1+1 video: Популярні серіали, шоу та ТВ онлайн

1plus1.video

60

1+1 video is a Ukrainian online media streaming platform offering popular TV shows, series, movies, cartoons, and live TV channels such as 1+1, 2+2, TET, and others. It serves a broad general audience interested in Ukrainian and international entertainment content. The platform is well-branded and integrates multiple popular TV channels, positioning itself as a leading video archive and streaming service in Ukraine. Technically, the website uses modern JavaScript frameworks, Google Analytics, Facebook Pixel, and a consent management platform to handle cookies and user tracking. The site is mobile-optimized with good SEO and user experience. Security posture is adequate with HTTPS enforced and cookie consent implemented, but lacks some security headers and explicit privacy and terms of service documentation. WHOIS data is privacy protected, which is common for media platforms, and no suspicious patterns were detected. Overall, the site is professional and trustworthy but could improve transparency and security practices.

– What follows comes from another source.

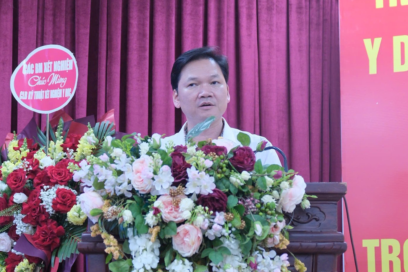 Phát biểu tại buổi lễ, TS Nguyễn Thế Điệp - Phó Hiệu trưởng Nhà trường ghi nhận, đánh giá cao tinh thần chủ động, sáng tạo của sinh viên trong việc thành lập Câu lạc bộ Kỹ thuật xét nghiệm y học, tạo môi trường học thuật thiết thực, góp phần rèn luyện kỹ năng chuyên môn, tăng cường khả năng nghiên cứu khoa học và thúc đẩy tinh thần học tập, sáng tạo của sinh viên. TS Nguyễn Thế Điệp mong muốn Câu lạc bộ sẽ trở thành mái nhà chung gắn kết sinh viên, góp phần xây dựng thế hệ cán bộ xét nghiệm tương lai bản lĩnh, chuyên môn vững vàng, đáp ứng yêu cầu chăm sóc và bảo vệ sức khỏe Nhân dân.
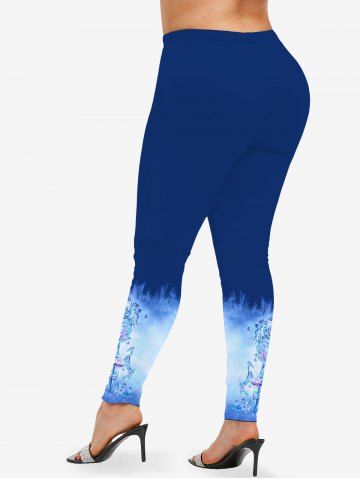 Plus Size Rose Flower Tie Dye Colorblock Print Leggings - Blue - Xs

The analyzed content corresponds to an internal Chrome browser error page (chrome-error://chromewebdata/) rather than an externally hosted website. This page is displayed when the browser cannot load a requested webpage, showing a default offline or error interface including the Chrome dinosaur game. Consequently, there is no actual business or organizational content, no contact or policy information, and no external links or social media references. The technical infrastructure is limited to embedded Chromium UI scripts and styles, with no hosting or CMS details applicable. Security posture is minimal due to the nature of the page being a local browser resource rather than a public website. Overall, this content does not represent a legitimate business website and cannot be evaluated for compliance, security, or business credibility.